## Recorded information
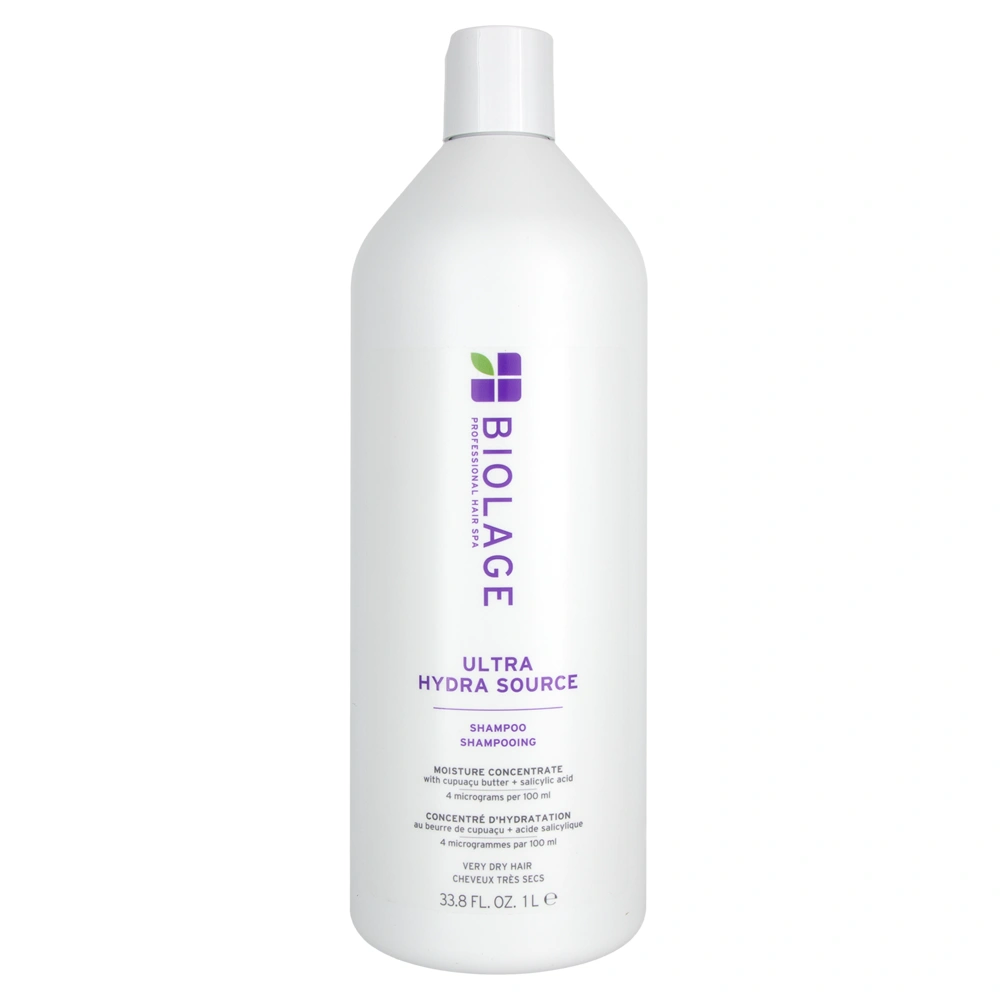 The Biolage Ultra Hydra Source Shampoo is an intense moisturizing shampoo that not only effectively cleanses the hair but also leaves it feeling incredibly moisturized, irresistibly soft, and remarkably shiny. Enriched with the goodness of aloe, apricot kernel oil, and cupuacu butter, this unique formula ensures a gentle yet thorough cleansing process while infusing deep hydration. Aloe vera adds incredible hydration and is great for scalp health and promotes hair growth. Apricot Kernel Oil is rich in nutrients like fatty acids and vitamin E which nourish the hair and help maintain its health and shine while helping to strengthen hair. Lastly, Cupuacu Butter which adds deep conditioning, frizz control, and natural shine to overly dry hair strands. Say hello to hair that's not only clean but also brimming with a newfound vitality and lustrous beauty.
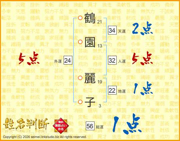 鶴(21画)園(13画) 麗(19画)子(3画)
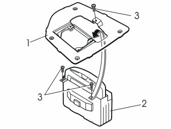 - Install the bracket (1) on the display (2). Use the screws (3) (from the kit).
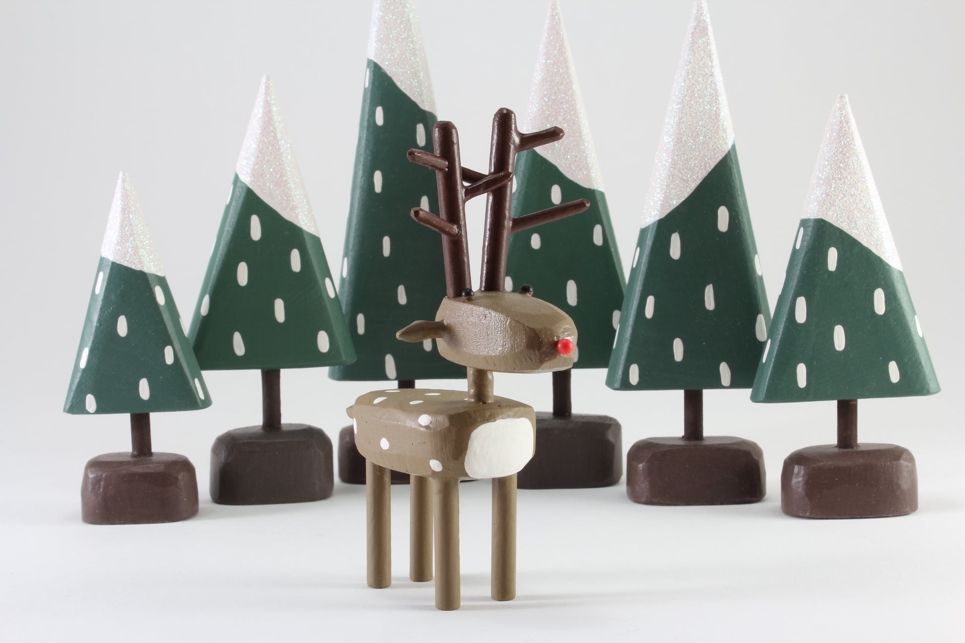Create your own forest scene, centerpiece or tablescape with this handmade reindeer figures made from reclaimed wood. Hand painted spots are on its back and it has a red nose.

## What you need to do
Each line of the data must be restated exactly, and the pictures must be left out.

## Response box
 The Biolage Ultra Hydra Source Shampoo is an intense moisturizing shampoo that not only effectively cleanses the hair but also leaves it feeling incredibly moisturized, irresistibly soft, and remarkably shiny. Enriched with the goodness of aloe, apricot kernel oil, and cupuacu butter, this unique formula ensures a gentle yet thorough cleansing process while infusing deep hydration. Aloe vera adds incredible hydration and is great for scalp health and promotes hair growth. Apricot Kernel Oil is rich in nutrients like fatty acids and vitamin E which nourish the hair and help maintain its health and shine while helping to strengthen hair. Lastly, Cupuacu Butter which adds deep conditioning, frizz control, and natural shine to overly dry hair strands. Say hello to hair that's not only clean but also brimming with a newfound vitality and lustrous beauty.
 鶴(21画)園(13画) 麗(19画)子(3画)
 - Install the bracket (1) on the display (2). Use the screws (3) (from the kit).
Create your own forest scene, centerpiece or tablescape with this handmade reindeer figures made from reclaimed wood. Hand painted spots are on its back and it has a red nose.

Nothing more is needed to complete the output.